In 2009, I posted an entry to my blog, repeating a conversation from Facebook having to do with the healthcare debate that was going on. Here is the post, complete with the original misspellings:
An Open Letter to a Facebook User
On June 19, a friend posted on Facebook saying that America has the best healthcare system in the world. I responded with this:
“Do you know how many people in this country can’t afford health insurance, yet make too much money to qualify for state aid? I know, my late wife was one of them.”
A friend of my friend answered with a short tirade on how I was too lazy to earn my way, and complaining that he has to support me. I can’t show you the post, because he deleted it and replaced it with some irrelevant drivel mostly lifted from “The Liberal Mind: The Psychological Causes of Political Madness” by Lyle H. Rossiter, Jr., M.D. (I looked up the reference – he did not provide it.)

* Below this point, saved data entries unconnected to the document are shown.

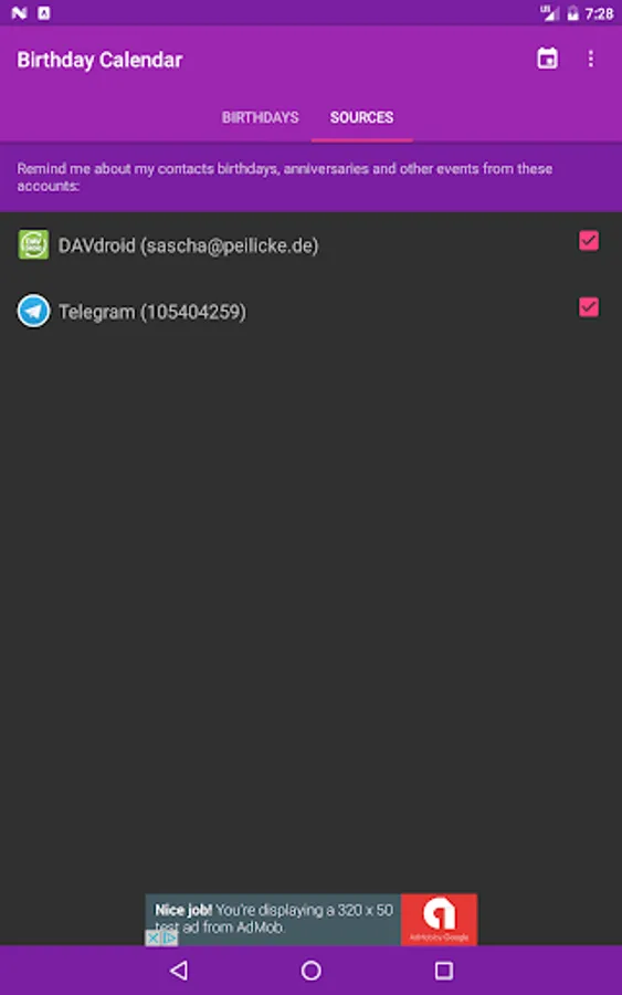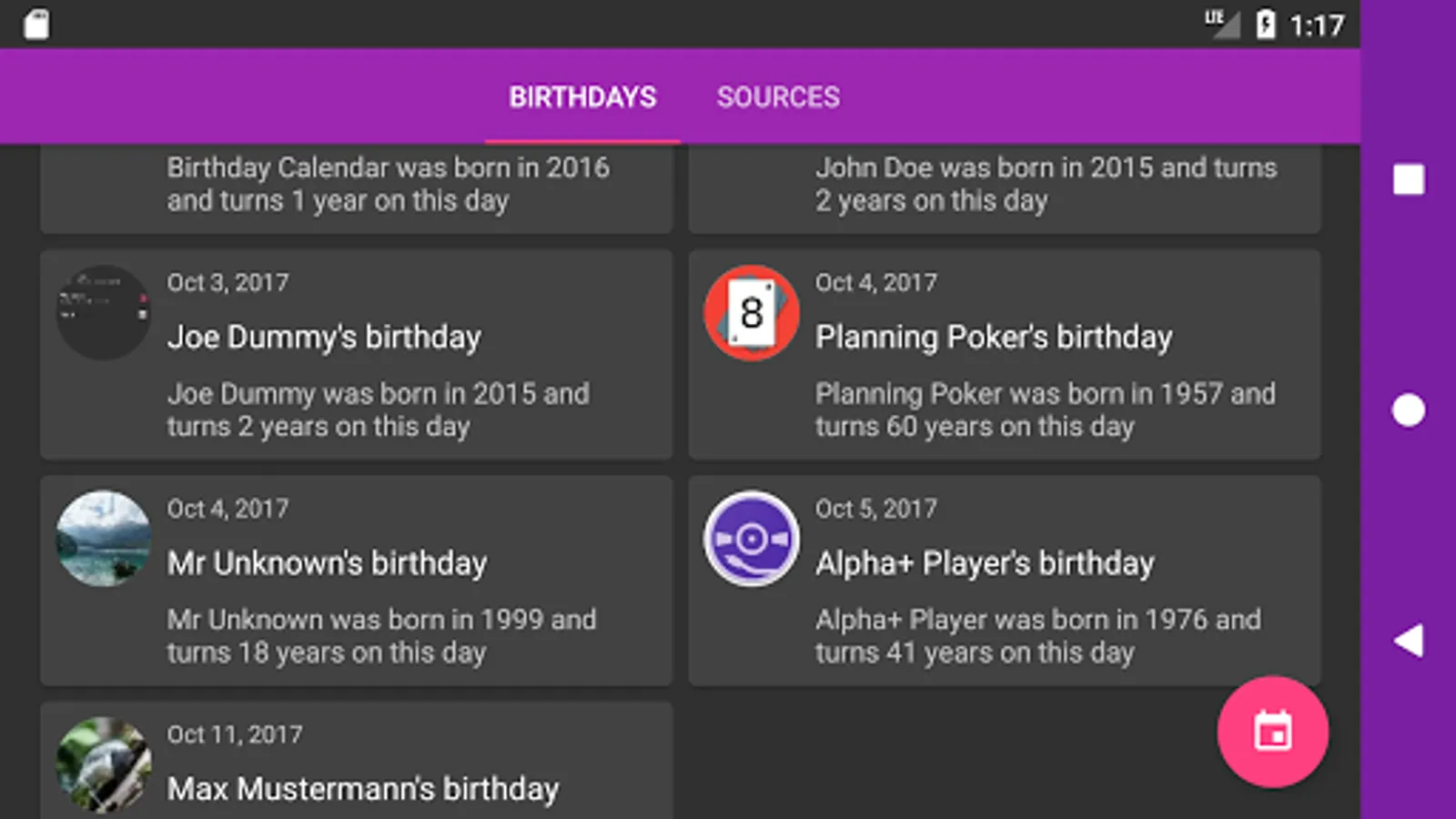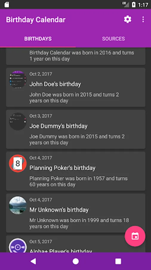 Get a birthday calendar for all your social networks right inside your calendar app. Supports all apps which sync contacts with your Android device, that includes many social network and messaging apps. Enable reminder alarms and decide which contacts you want to see. You'll get notifications for all of them.
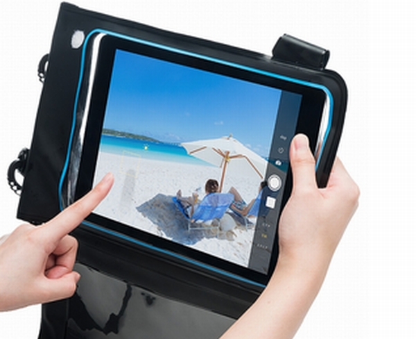 タブレットを収納する部分はIPX7相当の防水機能を有し、水がかかる・軽く水につける程度ならばタブレットを水から守ってくれる。また、ケースに入れたまま画面操作することも可能。
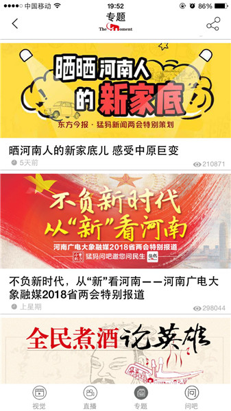 映象網(wǎng)訊(記者 秦雯)看兩會最熱最新鮮,看百姓關(guān)注,看代表委員風(fēng)采,看各界如何解讀報告。1月22日起,河南進入2018兩會時間。大象融媒帶著問題聚焦兩會,帶著答案回應(yīng)網(wǎng)民。其間,大象融媒旗下所屬各媒體大顯身手,貢獻出大量精彩的報道,直播、高清圖、系列策劃及H5產(chǎn)品等,這些內(nèi)容一經(jīng)推送,就吸引百姓高度關(guān)注,有些板塊更是形成“兩會熱門話題”和“網(wǎng)絡(luò)熱詞”,被網(wǎng)友分享,引代表委員熱議。

I responded to his original post with this:
“Mr. _____, I am not bitter, but I am angry that the richest country in the world does not have the will to provide basic health care for all its citizens. Don’t tell me I did not work hard. You know nothing about me or my late wife.”

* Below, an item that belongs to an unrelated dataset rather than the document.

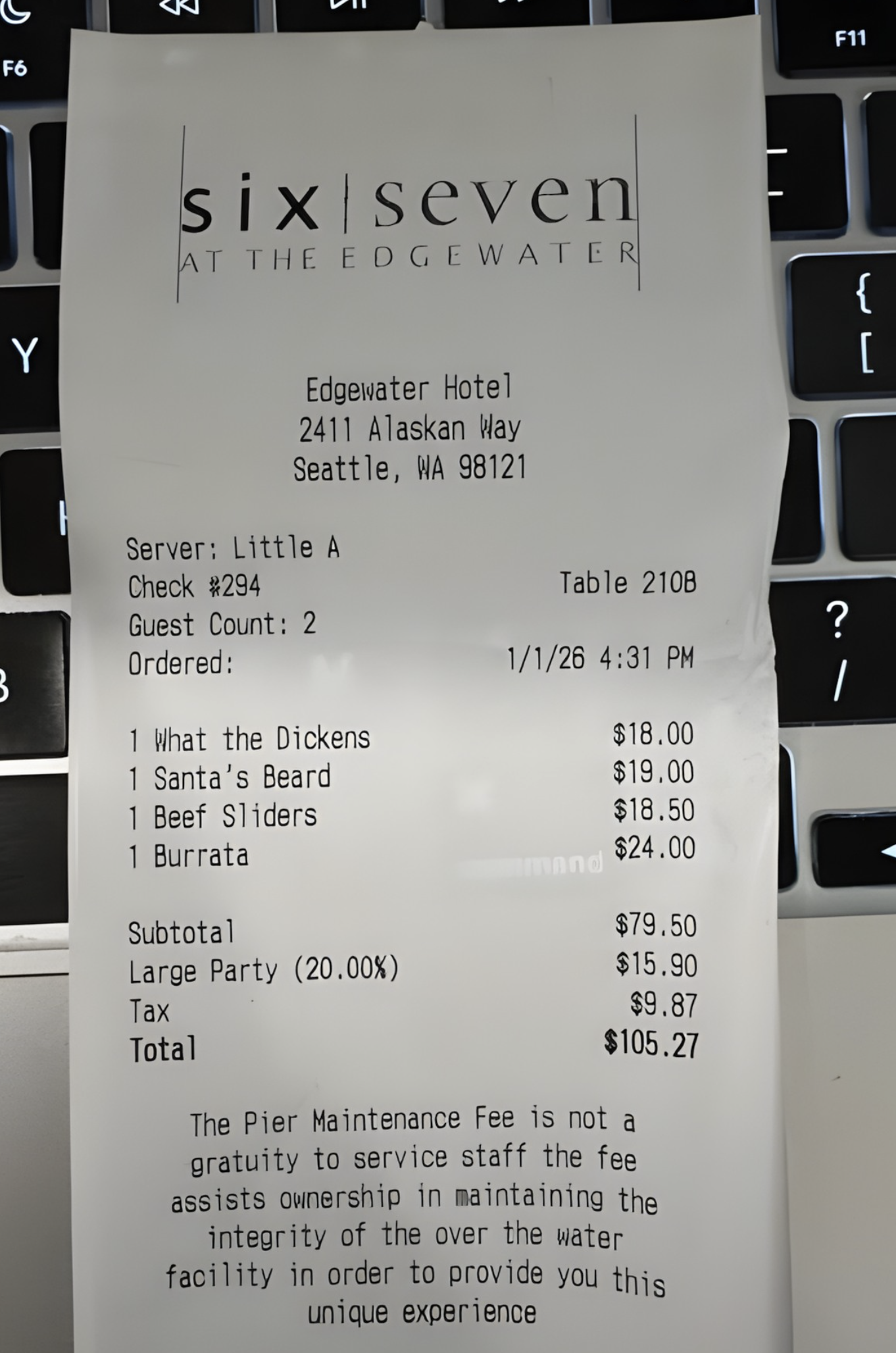 据报道,2026年1月跨年夜的美好夜晚,一对夫妇走进位于Edgewater Hotel内的Six Seven Restaurant,原本只想安静地喝两杯酒、吃点小食,享受普吉特湾夜景带来的片刻浪漫。这家餐厅以“水上用餐体验”和城市天际线景观闻名,是不少本地人和游客心中的“氛围感餐厅”。然而,这场本该轻松愉快的约会,却在结账时急转直下。
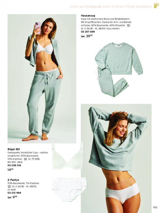 Bitte beachten Sie, dass dieser Text automatisch generiert wird und möglicherweise Fehler enthältHausanzug Hose mit elastischem Bund und Bindebändern. _ Mit Eingrifftaschen. Elastische Arm- und Beinab- schlüsse. 60% Baumwolle, 40% Polyester. @J. $ Gr. S 36/38 - XL 48/50. Grau meliert 02 207 889 Set 39% À > LI V2 sf 3 & RÉ es pr = À / " wu Se a 7 N I à à L G = à, Bügel-BH Gedoppelte, blickdichte Cups - nahtlos vorgeformt. 90% Baumwolle, 10% Elasthan. W@. Gr. 75-858, 80-90C. Weiß 02 208 016 145 2 Pantys 93% Baumwolle, 7% Elasthan. W. Gr. S 36/38 - XL 48/50. 2x weiß 02 212 988 set 9% 143

To this, he replied (unedited):
“If you understood the simplest concepts of normal rational thinking. If you could put 2 salient points together and tell me why I should have to pay for angry childish thinking. You want and you want more. You can’t get it so your angry. Sounds childish to me. You brought up dead wife. Why because your angry. You want your government to take care of you because you are either incapable of,, or not willing to do it yourself. You wants sympathy, not. You drag your dead wife into a health care debate and don’t say why..Whats your problem. I don’t have to know you because I have heard 10 thousand others who say the same crap as you. The takers of the world. Sorry your ship did not come in. You have no right take my money..be careful what you wish for when OHB, you might have a better chance when you have heart attack to survive by going to Cuba. The government will be in bussiness of picking who gets to live and who dies. At your age. You will not get that life saving cancer treatment.”
Well, this guy, let’s call him “Dick”, is not the poster boy for rational thinking. For one thing, he missed the point that my wife and I were working and made too much to qualify for state aid. But what bothers me is Dick’s lack of respect for people, including the dead, and his lack of compassion for the millions of people in this country who are working hard, but cannot afford adequate healthcare.
No, Dick, I am not childishly angry or bitter. In fact, I am doing fine, now – I have health insurance coverage, and I still am not on the dole. What I “want and want more” is for others to have it as good as I do. I am not better than someone who is working poor, and I can afford to share some of my wealth through taxes to provide decent healthcare for those who can’t afford it.
I decided to post this to my blog, rather than directly on Facebook, in the hope that there might be a more open mind out there. I’m pretty sure Dick would simply respond with more of the same class hatred and borrowed political rhetoric. If I am wrong, well then I guess I just don’t know Dick.
Not much has changed since then. The national healthcare plan that was passed after a fierce battle in Congress is beginning to help, but we have a long way to go to achieve parity with other wealthy nations. We still spend more per capita than any other nation, for care that is far from the best. According to the World Health Report 2000, the U.S. ranked 37th in overall health quality. John Stossel criticized this ranking for “favoring socialized healthcare, noting that “a country with high-quality care overall but ‘unequal distribution’ would rank below a country with lower quality care but equal distribution.”” This is exactly the point.
I would not deny that we have one of the best healthcare systems in the world, for those who can afford it, the problem is that millions of citizens cannot. A study in the American Journal of Public Health 2005 showed a large difference between rich and poor neighborhoods in infant mortality rates in Manhattan, compared to cities in other countries. I have no problem with rich people buying the best healthcare. Some have tried to frame this as an attempt to limit healthcare, to take away choices for those who now have great coverage. The Affordable Care Act is an attempt to expand choices to those who have few or no options, not to take anything away from anyone.
Those who want to “repeal Obamacare” are not proposing a better system. They are advocating a return to what we had, and an interminable political discussion on what we should have someday. What we should do is build on what we have, as limited as it is, and move toward universal coverage, just like every other developed country has. Then perhaps we can pay less for better care, like they do. Then perhaps we can stop having the shame of being the only rich country where people needlessly suffer and die, simply because their employer doesn’t offer health insurance.